Erythrocytes (i.e., red blood cells, RBCs) are an important determinant of the rheological properties of blood because of their large number density (~ 5 × 10
6/mm
3), particular mechanical properties, and aggregation tendency. Typically, a human RBC has a biconcave shape of ~ 8
μm in diameter and ~ 2
μm in thickness, and is highly deformable [
1,
2]. The interior fluid (cytoplasm) has a viscosity of 6 cP, which is about 5 times of that of the suspending plasma (~ 1.2 cP). At low shear stress, RBCs can also aggregate and form one-dimensional stacks-of-coins-like rouleaux or three-dimensional (3D) aggregates [
1,
3,
4]. The process is reversible and particularly important in the microcirculation, since such rouleaux or aggregates can dramatically increase effective blood viscosity. RBCs may also exhibit reduced deformability and stronger aggregation in many pathological situations, such as heart disease, hypertension, diabetes, malaria, and sickle cell anemia [
1]. The underlying mechanism of RBC aggregation is still under debate [
1,
4].
As a consequence of red cell size, the nature of blood flow changes greatly with the vessel diameter. In vessels larger than 200
μm, the blood flow can be accurately modeled as a homogeneous fluid. However, in vessels smaller than this, such as arterioles and venules, and especially capillaries (4–10
μm, i.d.), the RBCs have to be treated as discrete fluid capsules suspended in the plasma. When flowing in microvessels, the flexible RBCs migrate toward the vessel central region, resulting in a RBC concentrated core in the center, and a cell free layer (CFL) is developed near the vessel wall. Such phenomena are important in microcirculation since they are closely related to the flow resistance and biological transport [
1]. Traditionally, to incorporate the CFL effects, microscopic blood flows are modeled as multiphase flows with an interface between the peripheral CFL and the RBC concentrated core [
5]. Using such an approach, it is difficult to incorporate the effects of cell properties on hemodynamics and it is not suitable for investigation of the microscopic flow structures.
Benefiting from advances in computer and simulation technologies, now it is possible to model individual RBCs as discrete particles suspended in the plasma media. For example, Pozrikidis and coworkers [
6–
8] have employed the boundary integral method for Stokes flows to investigate RBC deformation and motion in shear and channel flows; Eggleton and Popel [
9] have combined the immersed boundary method (IBM) [
10] with a finite element treatment of the RBC membrane to simulate large 3D RBC deformations in shear flow. Recently, a lattice Boltzmann approach has also been adopted for RBC flows in microvessels, where the RBCs were represented as two-dimensional (2D) rigid particles [
11]. Bagchi [
12] has simulated a large RBC population in vessels of size 20–300
μm. However, RBC aggregation, which has been demonstrated experimentally as an important factor in determining hemodynamic and hemorheological behaviors in microcirculation [
1,
3,
13], was not considered in these studies. Liu et al. [
14] modeled the intercellular interactions using a Morse potential, thus accounting for RBC aggregation. The cell membrane was modeled with 3D elastic finite elements. Therefore the empirical RBC membrane constitutive relationships, which assume the membrane is a 2D sheet, cannot be utilized directly. Bagchi et al. [
15] have extended the IBM approach of Eggleton and Popel [
9] to two-cell systems and introduced the intercellular interaction using a ligand-receptor binding model. For rigid particles, Chung et al. [
16] have studied the behavior of two rigid elliptical particles in a channel flow utilizing the theoretical formulation of depletion energy proposed by Neu and Meiselman [
17]. It has been noted that such a description yields a constant (instead of a decaying) attractive force with large separations, which is not physically realistic [
16]. Sun and Munn [
18] have also improved their lattice Boltzmann model by including an interaction force between rigid RBCs.
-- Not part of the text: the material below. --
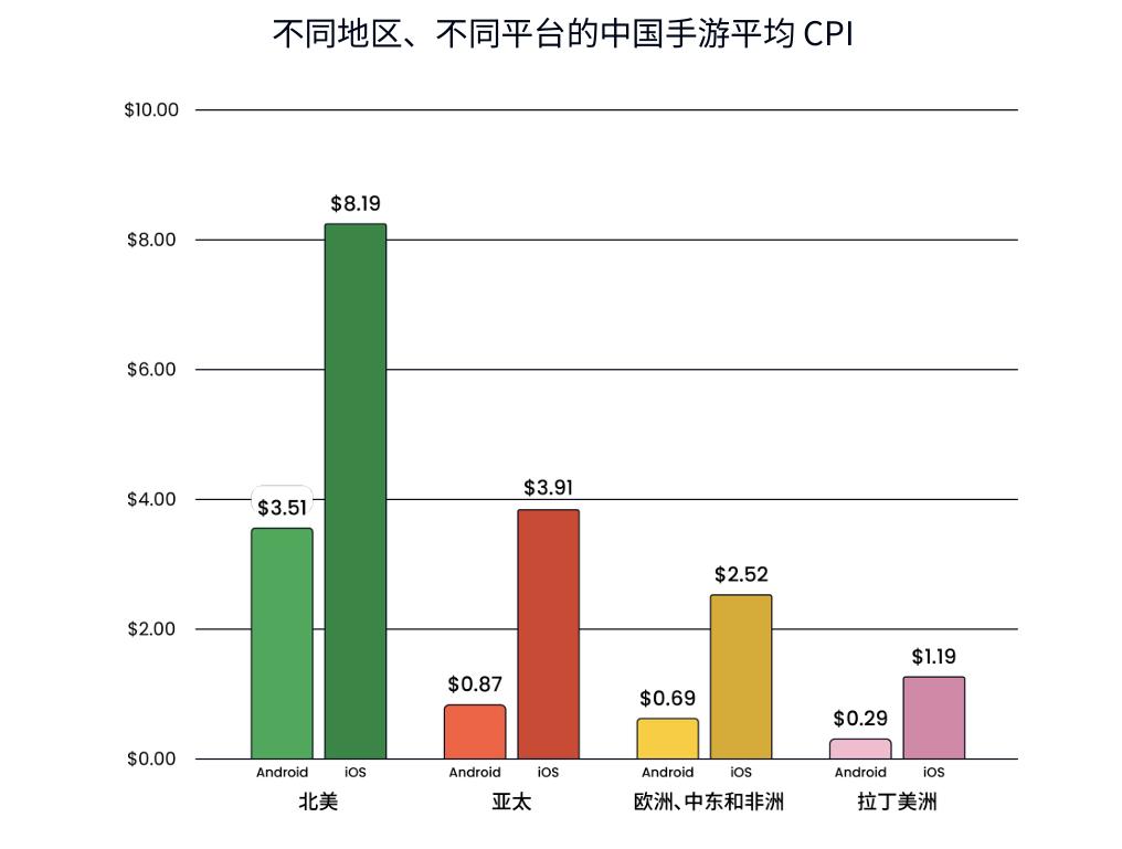 報告顯示,中國手遊在全球不同市場的獲客成本不同,整體來看北美市場競爭更加激烈,其安卓和iOS獲客成本是拉丁美洲的12倍和7倍。

Recently, we have developed an integrated model to study RBC behaviors in both shear and channel flows [
19,
20]. This model combines the lattice Boltzmann method (LBM) for fluid flows and IBM for the fluid-membrane interaction. Crucial factors, including the membrane deformability, viscosity difference across the RBC membrane, and intercellular aggregation, have been carefully considered in the model. The aim of this study was to investigate the effect of different RBC deformabilities and aggregation strengths on CFL structure and flow resistance in microscopic blood flows. We also explored the process of RBC flow development upon the application of an external pressure gradient. Finally, our results are also compared to previous experimental observations and numerical simulations.